Sustainable complexity management: Complex domains are manageable when you split them into clearly bounded contexts with defined interaction rules.

Better communication: Everyone—domain experts, engineers, product managers—speaks the same language. "Order" means the same thing in every conversation.

Easier evolution: As the business changes (and it always does), your code changes because it mirrors business structure, not arbitrary technical decisions.

Team scalability: Multiple teams can work independently because bounded contexts are clear ownership boundaries.

The cost is real: DDD has a steep learning curve and requires discipline. It's not worth applying to simple CRUD apps. But for complex domains with multiple integrating systems, it's the difference between sustainable code and eventual rewrite.

Strategic DDD: Understanding Your Domain

Before you write code, you need to understand the domain. Strategic DDD is how you gain and share that understanding.

Domains and Subdomains

Your domain is everything your business does. It's usually too large to model as a single unit. You need to break it into subdomains—specialized areas of knowledge.

Three types of subdomains matter:

Core Domain: What makes your business unique. This is where you invest best engineers and resources. It's why customers choose you over competitors. In a banking system, the core domain might be loan underwriting. In an e-commerce system, it's the recommendation engine or fraud detection.

Supporting Domain: Necessary for the business but not unique. You might customize it, but it's not a competitive advantage. In banking, customer onboarding is supporting. In e-commerce, inventory management is supporting.

Generic Domain: Completely standard, no customization needed. Buy or outsource these. Authentication, payment processing, email delivery are generic for almost every business.

The critical insight: the same domain can be core, supporting, or generic depending on your business. Payment processing is core for Stripe, supporting for Netflix, and generic for your SaaS application.

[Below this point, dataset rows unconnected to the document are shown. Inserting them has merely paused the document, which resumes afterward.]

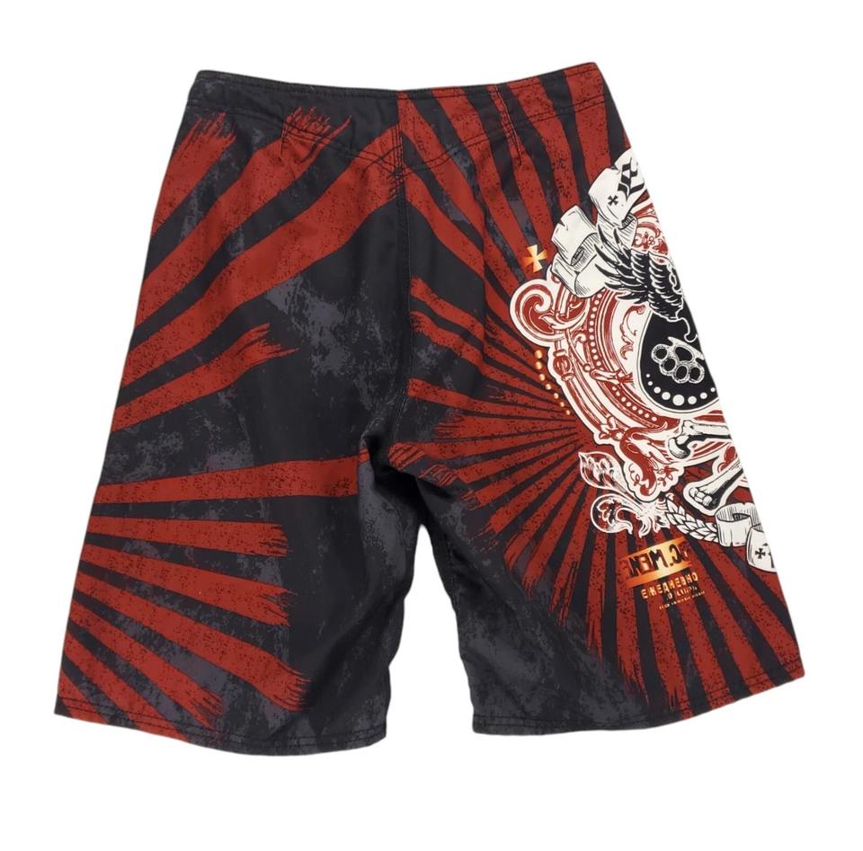 กางเกงขาสั้น MMA พิมพ์ลาย OEM ราคาถูกติดฉลากส่วนตัวสั่งพิมพ์ชื่อโลโก้และสปอนเซอร์ได้ตามต้องการ
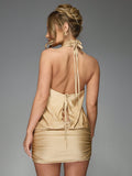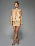 Elegant Satin Plunge Wrap Mini Dress with Ruched Waist & Cut-Out Detail
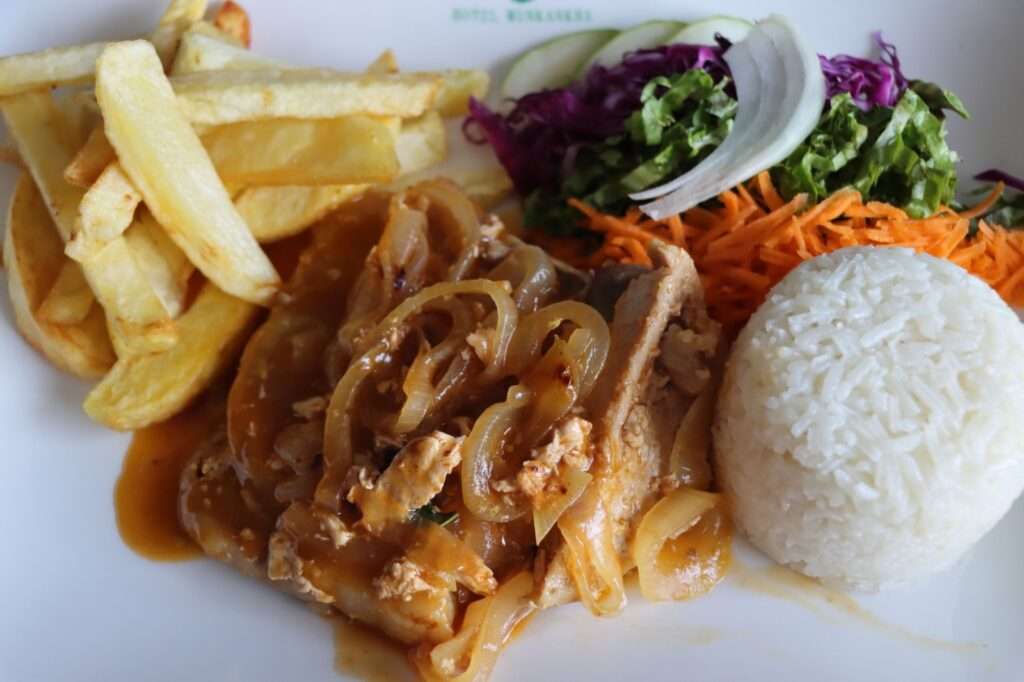 La carte, déjà bien succincte – à peine cinq plats – ne laisse guère de place à la surprise. Nous optons pour les bitoques et un bifana, espérant retrouver un peu de saveur portugaise sous le soleil du Cunene. Hélas, les assiettes arrivent tièdes, la viande sèche, le porc un peu coriace. Rien de dramatique, mais rien non plus qui fasse battre le cœur.
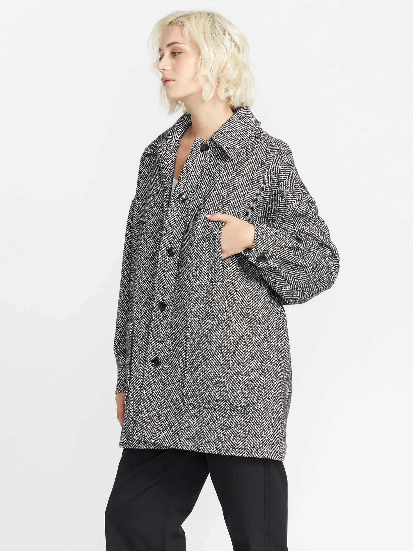 ● Poche chauffe-main passepoilée sur la poitrine et poche plaquée au bas
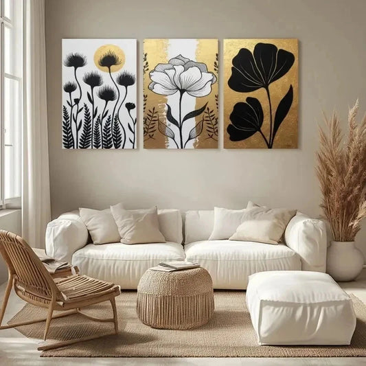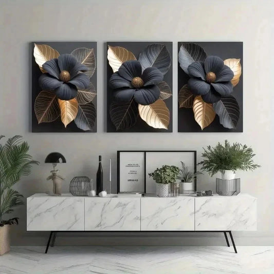 3pcs Black & Golden Floral Canvas Wall Art Set Canvas Framed 40x60cm - High Quality Print 100% Australian Made Wall Canvas Ready to Hang
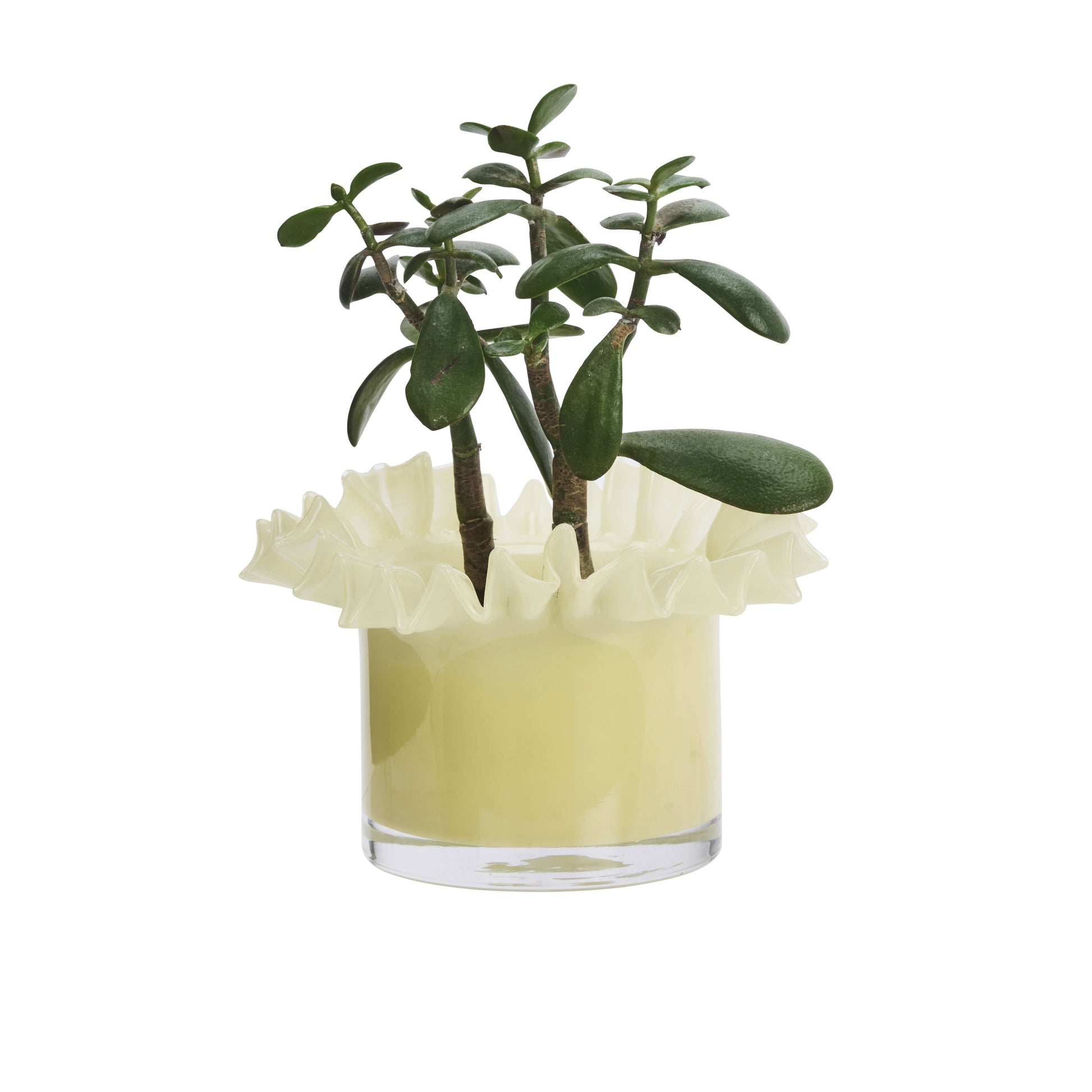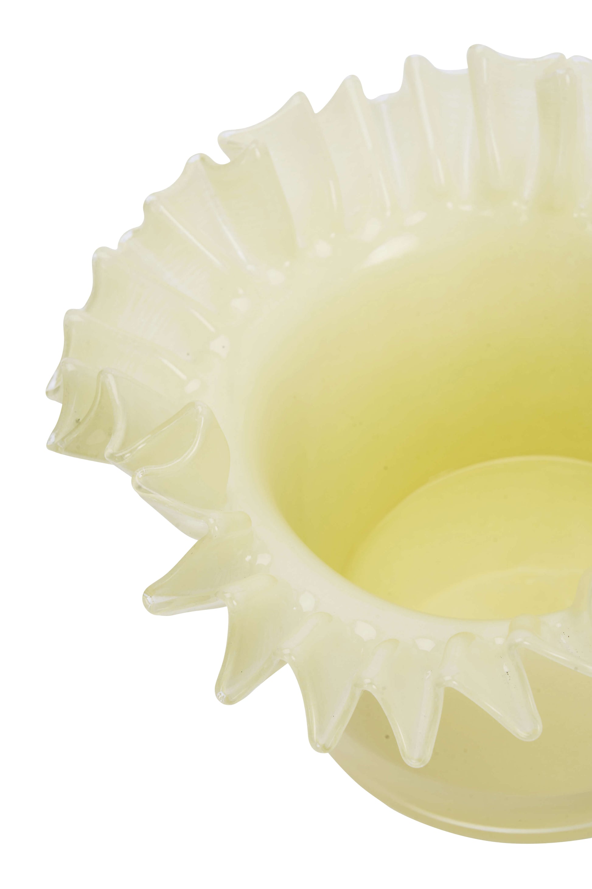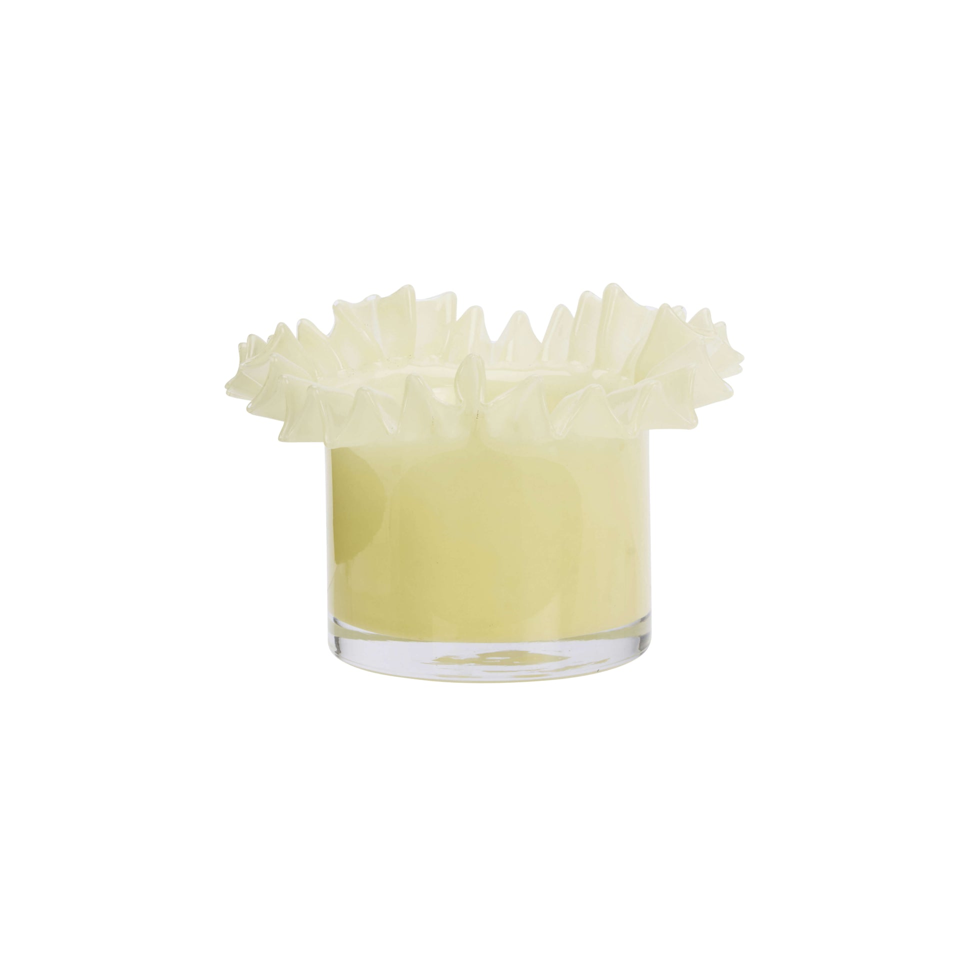 Vase en verre avec rebord froncé, coloris jaune paille.
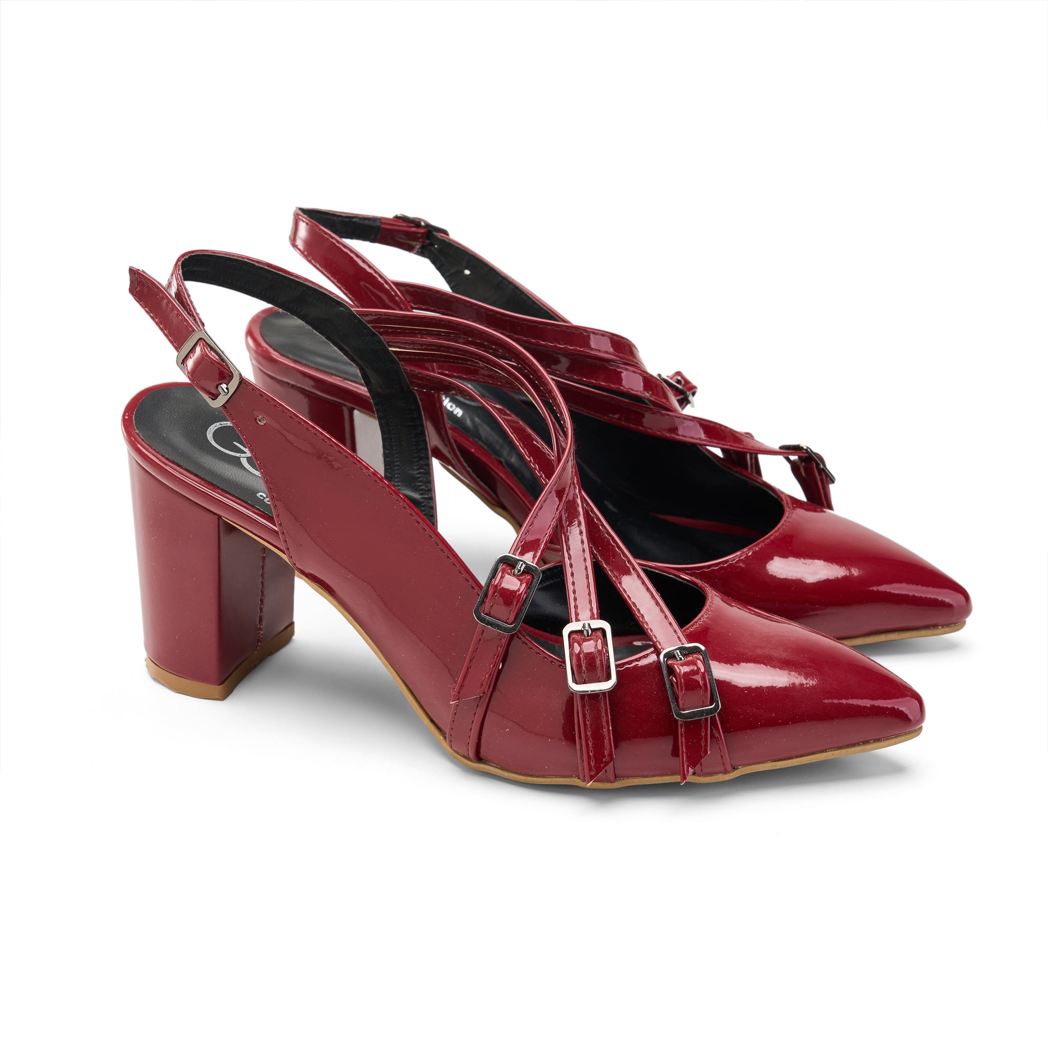 Multi-Strap Pointed Heels - Maroon
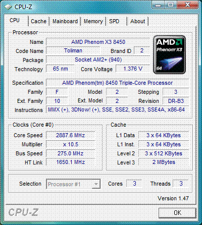 | Процессор (ядро) | AMD Phenom X3 (Toliman) |
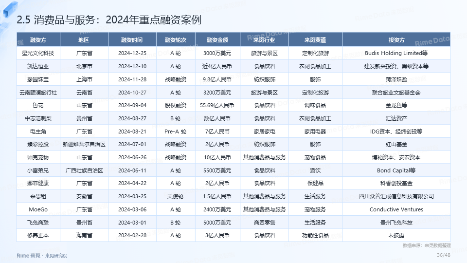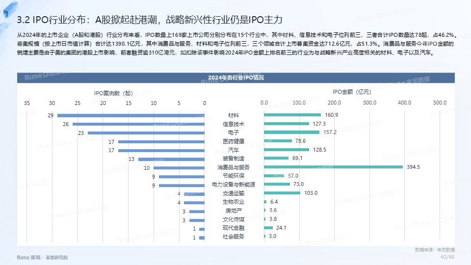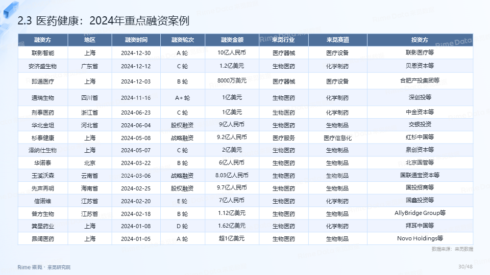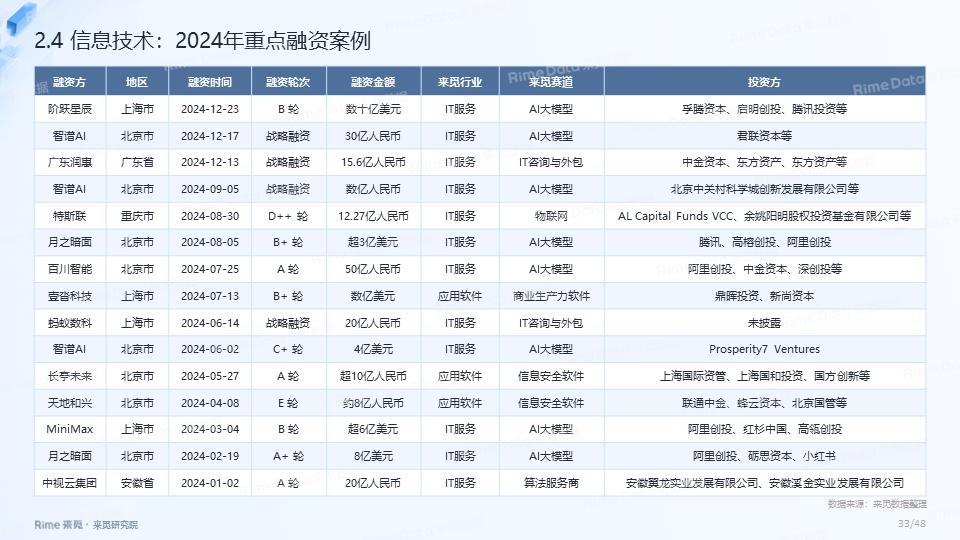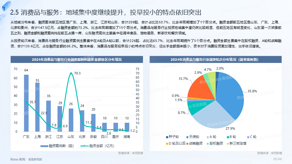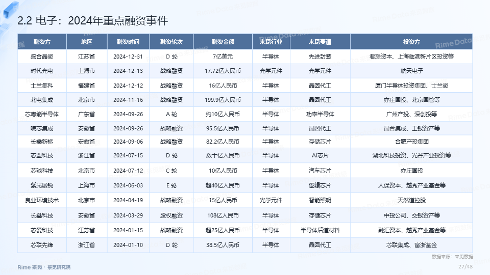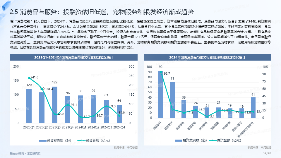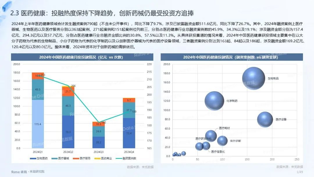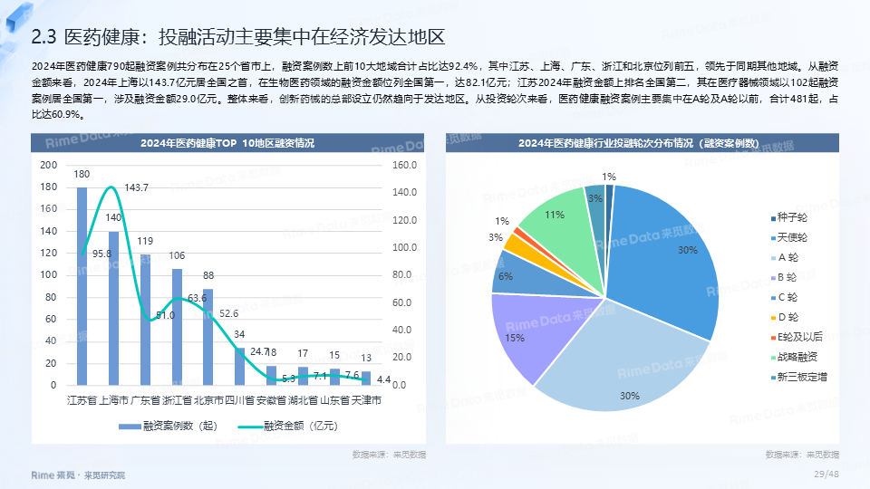 2024年全国共发生融资案例达7170起(含未公开事件),同比下降7.0%,涉及已披露融资规模达4712.2亿元,同比下降了13.9%。一级市场仍以“投早、投小、投科技”为主,A轮及A轮以前的早期融资案例数占所有案例数的59.9%。电子、信息技术、医药健康和装备制造融资案例数合计占比64.0%,电子、信息技术、汽车和装备制造融资金额合计占比58.3%。人工智能融资案例数884起,融资金额1057.3亿元,其中机器人、AI大模型、自动驾驶等细分赛道备受资本关注。2024年获投的专精特新企业有2035家,占比达32.6%,专精特新小巨人企业有719家,占获投企业总数的11.5%。
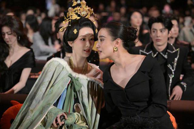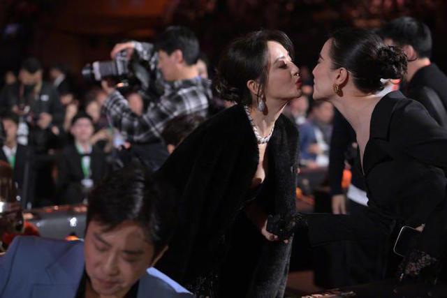 在内场,宋佳也十分活跃,前排与杨紫互动聊天,转头与佟丽娅搞亲吻,美女之间的互动气氛十分充实。
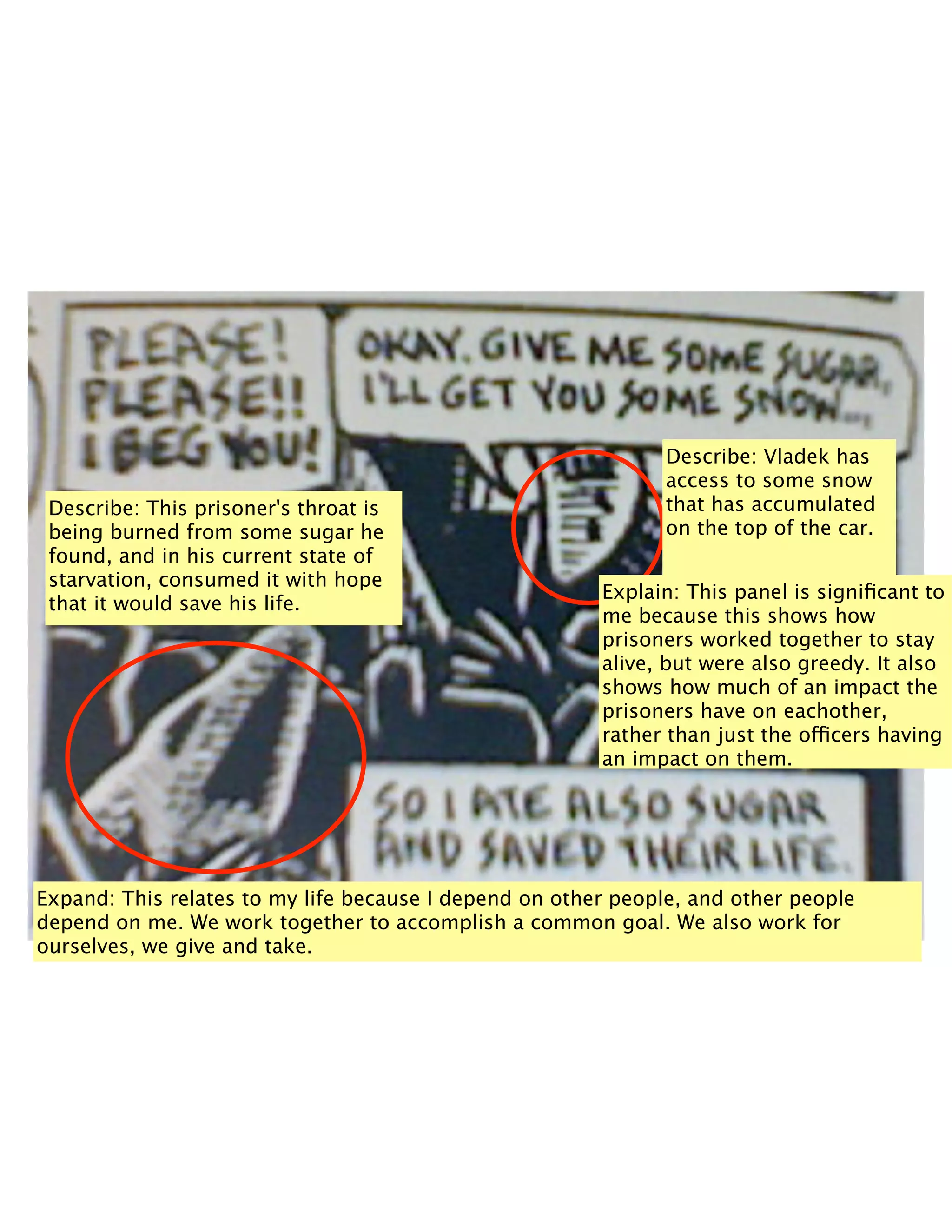 This panel from a graphic novel depicts a starving prisoner consuming sugar in hopes of saving his life, despite it burning his throat, showing the desperation of prisoners. It also shows another prisoner with access to snow on top of a car, demonstrating how prisoners helped and competed with each other for resources. The panel is significant as it illustrates how prisoners impacted one another both cooperatively and greedily in their struggle to survive.

Identify subdomains by talking to domain experts and asking: "What do we do that's different from our competitors? What would fail our business if it stopped working?"

Ubiquitous Language

This is the secret weapon of DDD. It's the precise vocabulary shared by everyone on the team: engineers, domain experts, product managers, even documentation.

In a payroll system, terms like "employee," "salary," "deduction," "net pay" aren't random English words—they have precise meanings agreed upon by the entire team. When someone says "we need to calculate net pay," everyone understands exactly what logic that triggers.

Why does this matter?

// Bad: Unclear terminology
class Employee {
  calculateMonthlyAmount() { // What is "amount"? Salary? Net pay?
    return this.salary - this.taxes - this.benefits;
  }
}

// Good: Ubiquitous language
class Employee {
  calculateNetPayForPeriod(payPeriod) {
    return this.salary
      .minus(this.calculateDeductions(payPeriod))
      .forPeriod(payPeriod);
  }

  calculateDeductions(payPeriod) {
    return this.taxes.plus(this.benefits).forPeriod(payPeriod);
  }
}
javascript

The second version uses terms the business uses. A domain expert can read it and verify correctness. The first version forces translation.

Building ubiquitous language:

  1. Listen to domain experts. Write down exactly what they say, not what you think they mean.
  2. Use those terms consistently in code, documentation, tests, conversations.
  3. When you find yourself translating between what experts say and what code says, fix the code.
  4. When terms are ambiguous, add context. "Order" in an e-commerce context is different from "order" in a fulfillment context.

Bounded Contexts

A bounded context is a boundary around a model. Within that boundary, a set of concepts have precise meanings. Outside the boundary, those same words might mean different things.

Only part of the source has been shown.